### THE TASK
An image-free, exact copy of the records below is required.

### RAW DATA
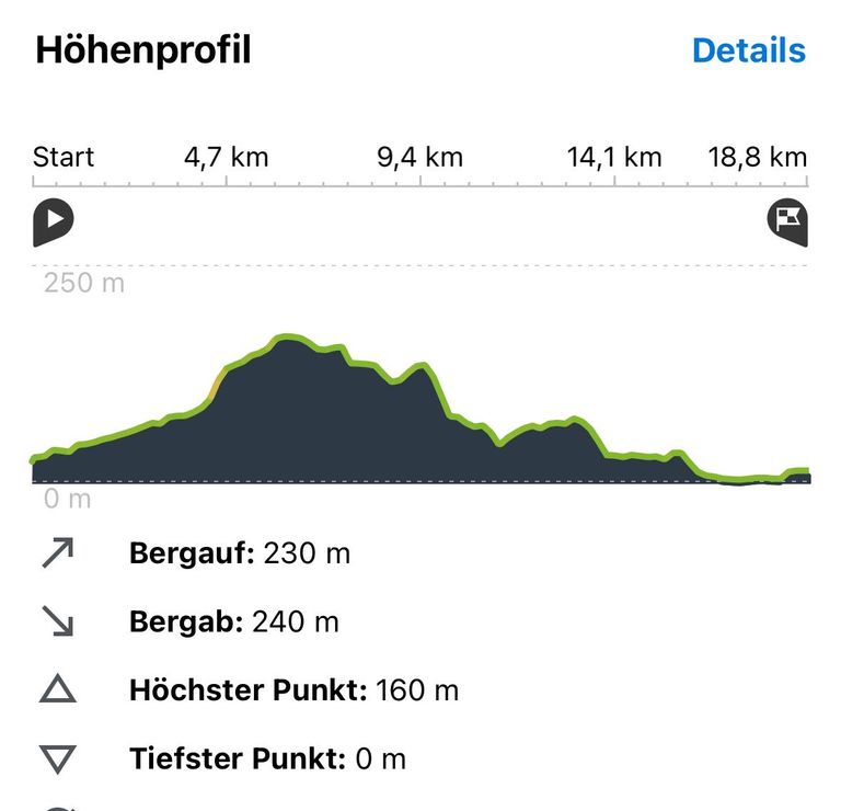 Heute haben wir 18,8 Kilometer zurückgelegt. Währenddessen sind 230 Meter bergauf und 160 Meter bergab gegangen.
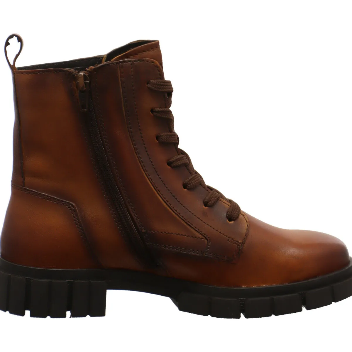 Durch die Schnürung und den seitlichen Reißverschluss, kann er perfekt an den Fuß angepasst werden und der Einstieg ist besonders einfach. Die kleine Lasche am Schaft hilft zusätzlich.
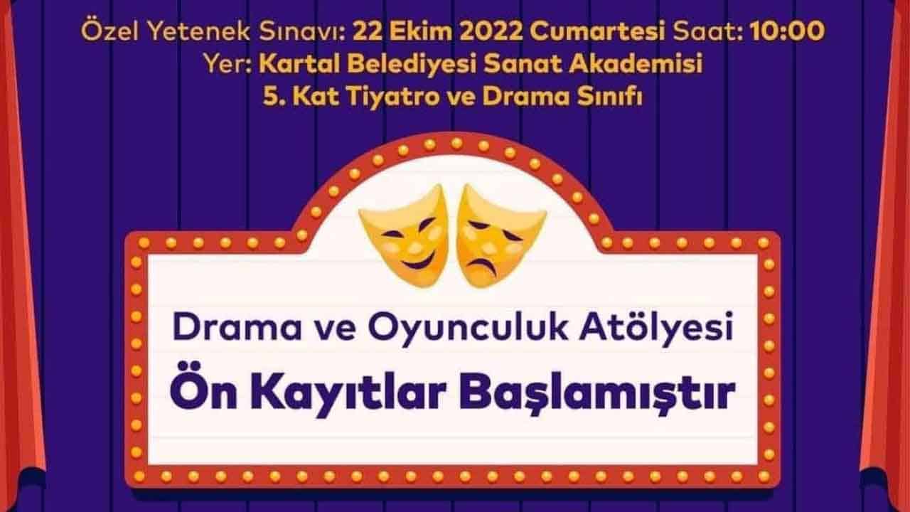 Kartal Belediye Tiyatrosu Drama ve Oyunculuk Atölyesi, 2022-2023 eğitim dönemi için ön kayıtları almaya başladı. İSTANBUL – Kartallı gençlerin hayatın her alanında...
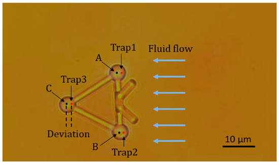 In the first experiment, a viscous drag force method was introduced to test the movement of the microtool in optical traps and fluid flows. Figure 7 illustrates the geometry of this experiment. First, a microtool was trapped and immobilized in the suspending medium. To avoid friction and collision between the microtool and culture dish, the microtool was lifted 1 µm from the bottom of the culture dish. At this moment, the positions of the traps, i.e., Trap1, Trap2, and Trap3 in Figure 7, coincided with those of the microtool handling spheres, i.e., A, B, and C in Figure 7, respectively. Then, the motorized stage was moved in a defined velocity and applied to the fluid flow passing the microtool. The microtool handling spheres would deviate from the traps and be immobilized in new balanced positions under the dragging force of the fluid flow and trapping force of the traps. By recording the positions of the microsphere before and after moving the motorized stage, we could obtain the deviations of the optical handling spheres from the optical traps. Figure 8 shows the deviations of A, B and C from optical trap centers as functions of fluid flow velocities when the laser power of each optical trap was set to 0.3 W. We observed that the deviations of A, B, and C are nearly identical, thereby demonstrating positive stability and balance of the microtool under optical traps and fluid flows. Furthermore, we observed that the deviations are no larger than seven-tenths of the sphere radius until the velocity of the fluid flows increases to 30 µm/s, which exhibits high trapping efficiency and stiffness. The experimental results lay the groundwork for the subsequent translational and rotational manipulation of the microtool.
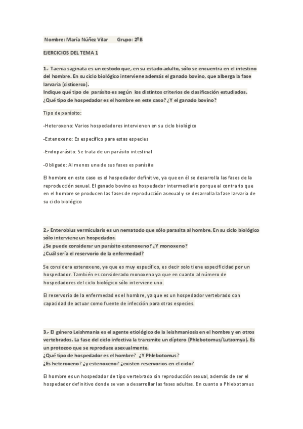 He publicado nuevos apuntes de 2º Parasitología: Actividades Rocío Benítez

### RESPONSE
 Heute haben wir 18,8 Kilometer zurückgelegt. Währenddessen sind 230 Meter bergauf und 160 Meter bergab gegangen.
 Durch die Schnürung und den seitlichen Reißverschluss, kann er perfekt an den Fuß angepasst werden und der Einstieg ist besonders einfach. Die kleine Lasche am Schaft hilft zusätzlich.
 Kartal Belediye Tiyatrosu Drama ve Oyunculuk Atölyesi, 2022-2023 eğitim dönemi için ön kayıtları almaya başladı. İSTANBUL – Kartallı gençlerin hayatın her alanında...
 In the first experiment, a viscous drag force method was introduced to test the movement of the microtool in optical traps and fluid flows. Figure 7 illustrates the geometry of this experiment. First, a microtool was trapped and immobilized in the suspending medium. To avoid friction and collision between the microtool and culture dish, the microtool was lifted 1 µm from the bottom of the culture dish. At this moment, the positions of the traps, i.e., Trap1, Trap2, and Trap3 in Figure 7, coincided with those of the microtool handling spheres, i.e., A, B, and C in Figure 7, respectively. Then, the motorized stage was moved in a defined velocity and applied to the fluid flow passing the microtool. The microtool handling spheres would deviate from the traps and be immobilized in new balanced positions under the dragging force of the fluid flow and trapping force of the traps. By recording the positions of the microsphere before and after moving the motorized stage, we could obtain the deviations of the optical handling spheres from the optical traps. Figure 8 shows the deviations of A, B and C from optical trap centers as functions of fluid flow velocities when the laser power of each optical trap was set to 0.3 W. We observed that the deviations of A, B, and C are nearly identical, thereby demonstrating positive stability and balance of the microtool under optical traps and fluid flows. Furthermore, we observed that the deviations are no larger than seven-tenths of the sphere radius until the velocity of the fluid flows increases to 30 µm/s, which exhibits high trapping efficiency and stiffness. The experimental results lay the groundwork for the subsequent translational and rotational manipulation of the microtool.
 He publicado nuevos apuntes de 2º Parasitología: Actividades Rocío Benítez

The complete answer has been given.